» Task instructions
Reproduce, exactly and in full, only the lines below from the one containing "Лампадка стеклянная, лампада" through the one containing "近观冰舌末端,则是另一番景象".

» Data extracts
========================================================================

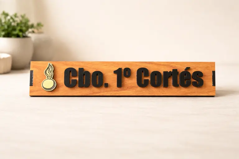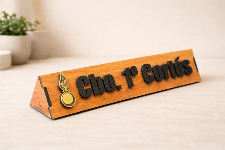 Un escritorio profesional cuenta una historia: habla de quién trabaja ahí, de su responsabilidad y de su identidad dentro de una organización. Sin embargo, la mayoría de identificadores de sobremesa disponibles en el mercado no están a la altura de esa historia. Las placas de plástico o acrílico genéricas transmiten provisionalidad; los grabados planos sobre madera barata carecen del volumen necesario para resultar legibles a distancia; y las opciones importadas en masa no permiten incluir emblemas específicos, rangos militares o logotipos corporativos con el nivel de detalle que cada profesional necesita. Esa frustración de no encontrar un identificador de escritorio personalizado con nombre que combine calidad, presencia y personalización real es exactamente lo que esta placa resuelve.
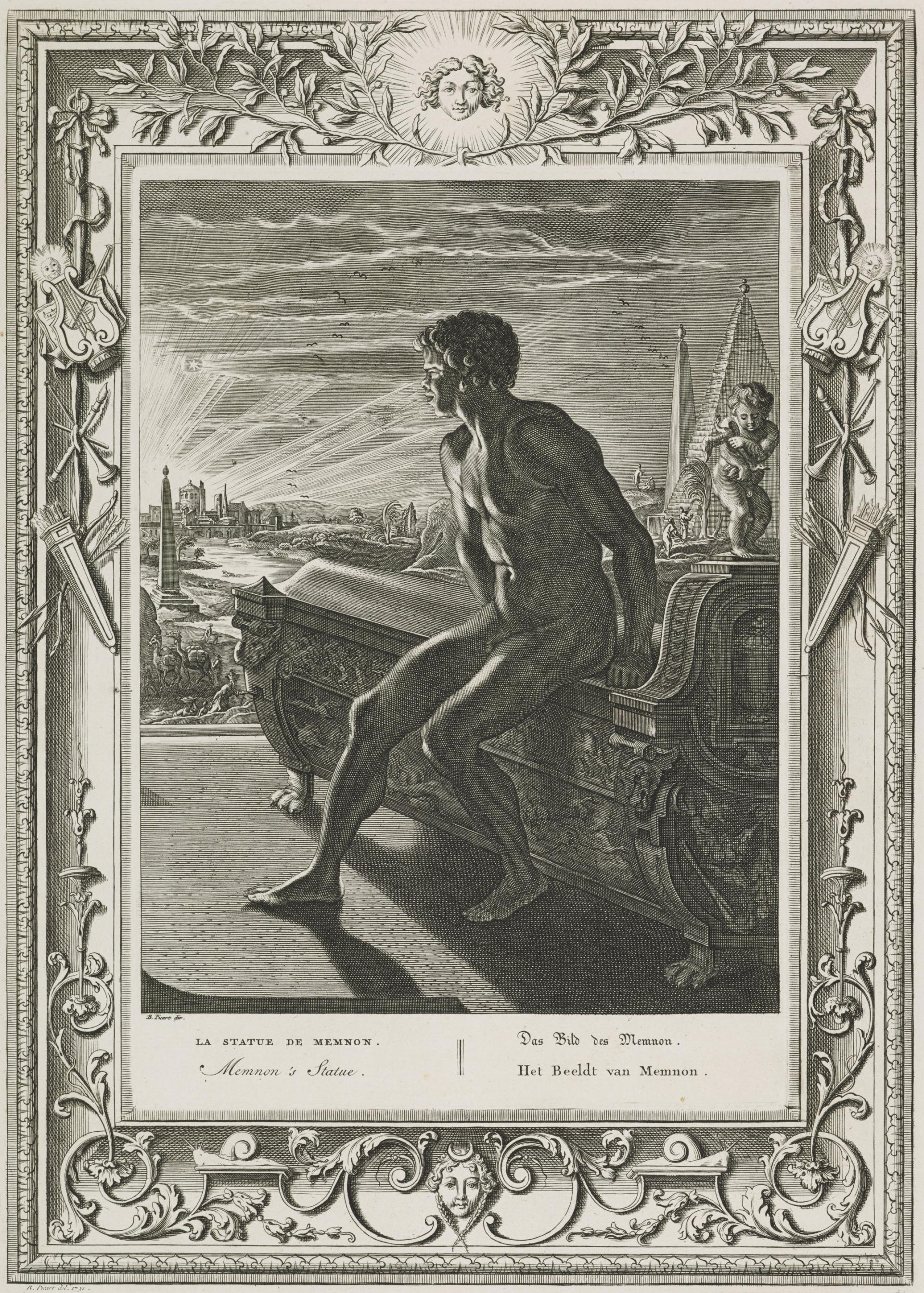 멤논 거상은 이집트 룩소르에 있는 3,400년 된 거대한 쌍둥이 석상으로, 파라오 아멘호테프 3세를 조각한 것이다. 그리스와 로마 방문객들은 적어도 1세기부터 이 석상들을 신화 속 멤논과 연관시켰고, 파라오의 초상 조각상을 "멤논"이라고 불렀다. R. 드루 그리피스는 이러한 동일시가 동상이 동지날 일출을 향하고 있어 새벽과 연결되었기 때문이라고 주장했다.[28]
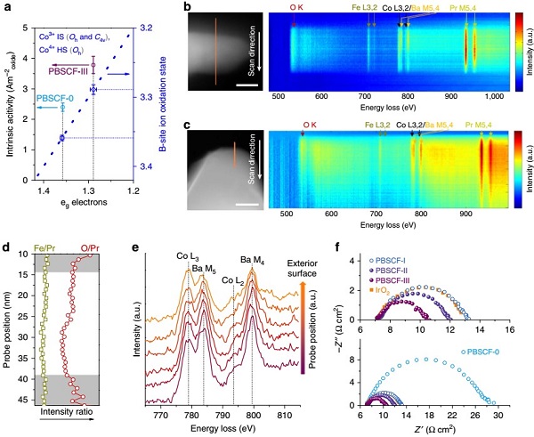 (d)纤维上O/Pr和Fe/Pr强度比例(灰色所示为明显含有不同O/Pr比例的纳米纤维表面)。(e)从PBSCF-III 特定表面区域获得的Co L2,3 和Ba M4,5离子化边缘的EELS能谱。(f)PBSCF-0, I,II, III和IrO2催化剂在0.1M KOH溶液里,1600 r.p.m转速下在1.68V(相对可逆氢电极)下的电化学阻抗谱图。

========================================================================

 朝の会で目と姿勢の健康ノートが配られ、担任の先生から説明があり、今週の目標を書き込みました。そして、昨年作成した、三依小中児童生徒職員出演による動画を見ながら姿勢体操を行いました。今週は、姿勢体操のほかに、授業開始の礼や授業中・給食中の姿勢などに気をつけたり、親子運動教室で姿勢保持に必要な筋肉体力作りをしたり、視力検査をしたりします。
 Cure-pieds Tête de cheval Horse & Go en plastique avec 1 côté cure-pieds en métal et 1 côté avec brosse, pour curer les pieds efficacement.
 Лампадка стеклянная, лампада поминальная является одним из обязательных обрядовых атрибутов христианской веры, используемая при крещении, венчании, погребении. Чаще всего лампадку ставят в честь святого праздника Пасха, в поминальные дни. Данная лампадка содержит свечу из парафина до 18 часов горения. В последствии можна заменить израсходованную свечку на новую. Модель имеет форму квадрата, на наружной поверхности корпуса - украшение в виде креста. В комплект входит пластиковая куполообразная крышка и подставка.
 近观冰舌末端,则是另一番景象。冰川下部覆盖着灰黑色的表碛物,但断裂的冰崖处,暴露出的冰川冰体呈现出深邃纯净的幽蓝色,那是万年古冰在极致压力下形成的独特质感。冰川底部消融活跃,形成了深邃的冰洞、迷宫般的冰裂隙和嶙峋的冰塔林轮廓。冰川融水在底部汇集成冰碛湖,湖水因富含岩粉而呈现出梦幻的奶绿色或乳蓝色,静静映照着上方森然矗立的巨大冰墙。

========================================================================

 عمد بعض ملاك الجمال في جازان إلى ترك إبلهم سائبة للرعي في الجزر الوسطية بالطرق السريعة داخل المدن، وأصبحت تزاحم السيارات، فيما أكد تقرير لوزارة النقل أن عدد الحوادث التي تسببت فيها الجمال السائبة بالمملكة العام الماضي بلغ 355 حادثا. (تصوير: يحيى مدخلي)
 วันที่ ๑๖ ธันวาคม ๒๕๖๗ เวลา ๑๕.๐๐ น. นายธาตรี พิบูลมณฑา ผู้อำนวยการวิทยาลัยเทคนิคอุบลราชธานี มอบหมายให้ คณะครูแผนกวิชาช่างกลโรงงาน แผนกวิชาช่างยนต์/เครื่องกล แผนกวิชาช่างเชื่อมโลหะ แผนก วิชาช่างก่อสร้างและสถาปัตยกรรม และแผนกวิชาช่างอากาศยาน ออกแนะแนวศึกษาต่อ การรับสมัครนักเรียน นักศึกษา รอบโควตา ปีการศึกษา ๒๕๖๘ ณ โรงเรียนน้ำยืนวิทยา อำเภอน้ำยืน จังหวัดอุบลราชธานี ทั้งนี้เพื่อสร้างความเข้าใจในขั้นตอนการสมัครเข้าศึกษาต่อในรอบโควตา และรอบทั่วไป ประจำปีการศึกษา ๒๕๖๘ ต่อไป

========================================================================

» Exercise result
 Лампадка стеклянная, лампада поминальная является одним из обязательных обрядовых атрибутов христианской веры, используемая при крещении, венчании, погребении. Чаще всего лампадку ставят в честь святого праздника Пасха, в поминальные дни. Данная лампадка содержит свечу из парафина до 18 часов горения. В последствии можна заменить израсходованную свечку на новую. Модель имеет форму квадрата, на наружной поверхности корпуса - украшение в виде креста. В комплект входит пластиковая куполообразная крышка и подставка.
 近观冰舌末端,则是另一番景象。冰川下部覆盖着灰黑色的表碛物,但断裂的冰崖处,暴露出的冰川冰体呈现出深邃纯净的幽蓝色,那是万年古冰在极致压力下形成的独特质感。冰川底部消融活跃,形成了深邃的冰洞、迷宫般的冰裂隙和嶙峋的冰塔林轮廓。冰川融水在底部汇集成冰碛湖,湖水因富含岩粉而呈现出梦幻的奶绿色或乳蓝色,静静映照着上方森然矗立的巨大冰墙。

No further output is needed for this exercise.